More like which ones to keep well away from.


----------



## Horlics (Sep 27, 2011)

jojo said:


> You need to go over and have a look. I think alot of British returned to the UK during the recession, but I'm sure there are still plenty around. But you really need to have a look and see
> 
> Jo xxx


Jo, I can assure you, there are still plenty around.


----------



## xabiaxica (Jun 23, 2009)

Horlics said:


> Jo, I can assure you, there are still plenty around.


There certainly are.

And in our area of course, we have a new phenomenon - more & more families are moving to Jávea with one parent (usually the father) working offshore somewhere, often the rigs, but also in the forces.

They (like me when we first came here) feel that if dad is working away anyway, the rest of the family might as well live somewhere where the kids - & mum - can have a great life.


----------



## Leper (May 12, 2010)

Hi Jilly, Are you retiring to Spain? Do you hope to work here? Is it just you? Do you speak good Spanish? Is it just a holiday home you want?


----------



## jojo (Sep 20, 2007)

Horlics said:


> Jo, I can assure you, there are still plenty around.
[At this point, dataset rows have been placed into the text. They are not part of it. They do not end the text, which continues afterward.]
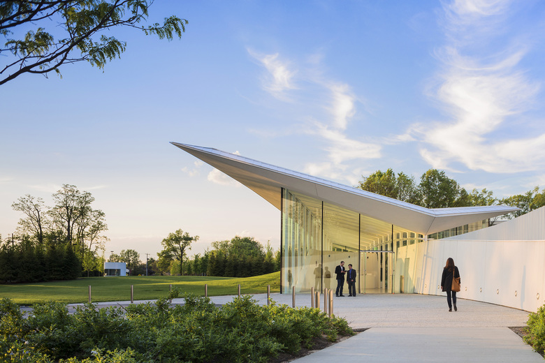 The Visitor Reception Building for Novartis' North American Headquarters presents a dynamic new gateway to the campus. The building emerges from the earth and includes a sequence of reception, orientation, and gathering spaces for the campus. Above, the sculptural roof form with its pleated structural ceiling expresses Novartis' spirit of technological innovation. A solar array canopy at the parking area provides a welcoming introduction to the Novartis Campus and contributes to the building's LEED Gold status.
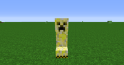 Когда электрический крипер взрывается, вызывается молния. Этот крипер имеет яркий жёлтый окрас.
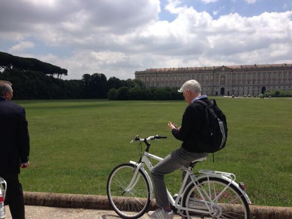 CASERTA – Visita privata oggi per il ministro per i Beni e le attività culturali e il Turismo Massimo Bray alla Reggia di Caserta: il ministro ha visitato il palazzo e i suoi giardini con una bicicletta noleggiata alla stazione della città e ha potuto così verificare – spiega una nota del Mibac – le condizioni del sito Patrimonio dell’Umanità Unesco dal 1997. Bray lo ha puntualmente documentato su Twitter: “Stamattina ho fatto una visita privata alla Reggia di Caserta, esplorando i suoi giardini e percorrendone le gallerie”, ha scritto poco fa sul social network, accompagnando il messaggio con una foto che lo ritrae sulla bici, in sneakers e zainetto.
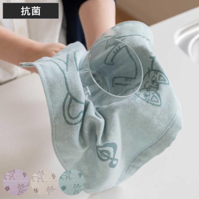 布巾 おかべてつろう Ag+ 抗菌 ふきん ( キッチンクロス フキン クロス 銀イオン 光触媒抗菌 ネコ ねこ 可愛い キッチン用 台拭き 食器拭き 台ふきん おしぼり キッチンタオル 万能 キッチングッズ )

Indeed, but its not easy to pin point where they all live and "play" in Torrevieja - although Torrevieja does have its fair share of expats, but I think the recession has moved things around somewhat. So IMO a fact finding trip is needed 

Jo xxx


----------



## Jillymac (Jan 17, 2016)

Thank you all for replies. We are planning to retire to Spain and just started our research but want to have an idea of the areas to visit when we come over in person.


----------



## DunWorkin (Sep 2, 2010)

If retiring here, make sure that you look at public transport in the areas you look at.

We retired here 11 years ago. We both drove and each had a car. Now that neither of us drive we are very glad that we live near the local tram otherwise we would be very limited where we could go to.


----------



## Johnweedon (Dec 23, 2015)

Try San Cayetano. 10 mins from Airport, lovely little village, British pub, British community, but locals really friendly. Have a look


----------



## Lolito (Aug 25, 2012)

There are still lots of UK immigrants in Torrevieja and around Torrevieja but you would have to come down there and have a look around.


----------



## Pazcat (Mar 24, 2010)

Gran Alacant could be worth a look too, closer to the airport and the builds seem nice enough if that is your thing.
Plenty of expats and local shops.
If you like golf check out Bonalba maybe?


----------



## dleafy (Jan 4, 2016)

I've been looking at Gran Alacant too. Looks a good fit for us!


----------



## donnados (Jan 26, 2016)

Hello,
I live in los altos and its lovely and plenty of british pubs and also spanish ones. there is a great deal of english expats here so would be a great place. Los Altos is just a short drive to the La Zenia shopping center and Playa flamenca center and also bus there are bus rountes to these places for about a £1. :welcome:


----------